What is it that the modern-day employee wants most from their job? Whether you’re a HR manager or a CEO, if you’re in a position to influence company culture and haven’t yet asked yourself this question then you’ve forgotten the most important ingredient in your company’s recipe for success – employee job satisfaction.
One of the most serious concerns of today’s businesses – perhaps particularly so for newer enterprises such as tech start-ups – is brain drain. Losing company talent causes disruption, can harm company morale and adversely affects innovation and creativity in an organisation as its top-performers leave for greener pastures.
A common mistake is to assume that high employee retention is a natural by-product of high salaries. While a healthy financial package may be enough to initially attract an employee to a company, it is rarely what keeps them there over the long term and is almost never what keeps them at their most engaged and productive.
So what does?
The answer is simple: job satisfaction. What’s a bit trickier is successfully combining the elements that help to achieve it.
One of the latest buzzwords (or buzz-terms, if you prefer!) being used as shorthand for this combination of elements is “Emotional salary”. While it might sound like something you’d expect to hear at a New Age retreat, it still does a good job of differentiating more deep-seated employee needs from purely financial incentives.
5 Ways to Improve Job Satisfaction?
There is a proven correlation between employee engagement and organisational performance. That’s what’s at stake for companies. Studies also show that countries with more engaged employees also have a lower mortality rate. That’s what’s at stake for a company’s employees.
Emotional salary therefore refers to the different ways a company can affect a sense of wellbeing in employees and allow for greater personal and professional development and productivity. So let’s take a look at the 5 key areas:
1. A Clear Sense of Purpose
Everyone likes to feel wanted. Employees who are made to feel that their work is making a difference to their department, organisation or customers are more likely to stay motivated and enjoy what they do.

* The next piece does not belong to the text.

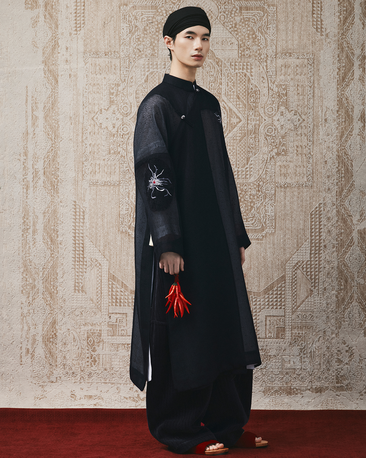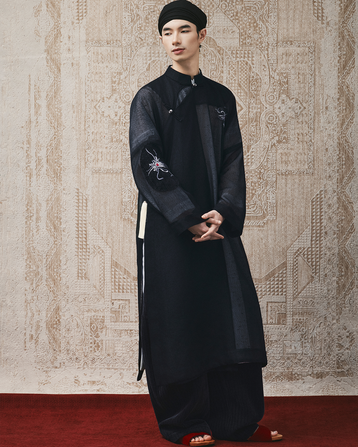 Chất liệu: Tơ sồi Họa tiết: Thêu tay hoa cúc Chi tiết: Cúc đá Thiên Châu Tây Tạng

2. Opportunities for Development
In a piece for the World Economic Forum, Jonas Prising, the CEO and Chairman of global HR consulting powerhouse Manpower Group wrote:
“In a world of greater technological disruption and shorter business cycles, the job for life model is dead. Instead, Millennials are focused on developing the skills to move on or up regardless of who they work for. Recognizing they will likely work longer careers than their parents, 79% of Millennials said the opportunity to learn new skills is an important factor to them when deciding where to apply for work. Seventy-eight percent would switch jobs to learn new skills if the pay were comparable … 93% of Millennials see learning and skills development as a crucial part of their careers — they are even willing to spend their own time and money to upskill.” Who are we to argue?
3. Freedom is Fulfilment
Employees who feel like someone is constantly looking over their shoulder or checking and changing their work are more likely to feel constrained and unfulfilled. Having the freedom to work towards their goals using their own skills and initiative is a key part of developing confidence and competence. This doesn’t mean granting them complete autonomy, but it does mean that an organisation’s focus should be on giving them the right tools, feedback and guidance.
4. Consistent Company Values
Does your company truly value innovation? Does it really support talent development? Is it totally committed to the highest standards for its customers? In times of difficulty, a company’s values will be put to the test. If they don’t hold up, then its employees’ faith in its commitment to those core values will be broken. Remaining true to them in times of stress is just as important, and maybe even moreso, than it is in times of success.
5. Connection and Communication
Having a sense of connection with those you work with is another hugely important element of job satisfaction. Being able to communicate openly, share resources and work freely with fellow employees helps creates a an invaluable sense of community and purpose. It also means that a broader cross-section of skills will be utilised, leading to a reduction in costs and an increase in productivity.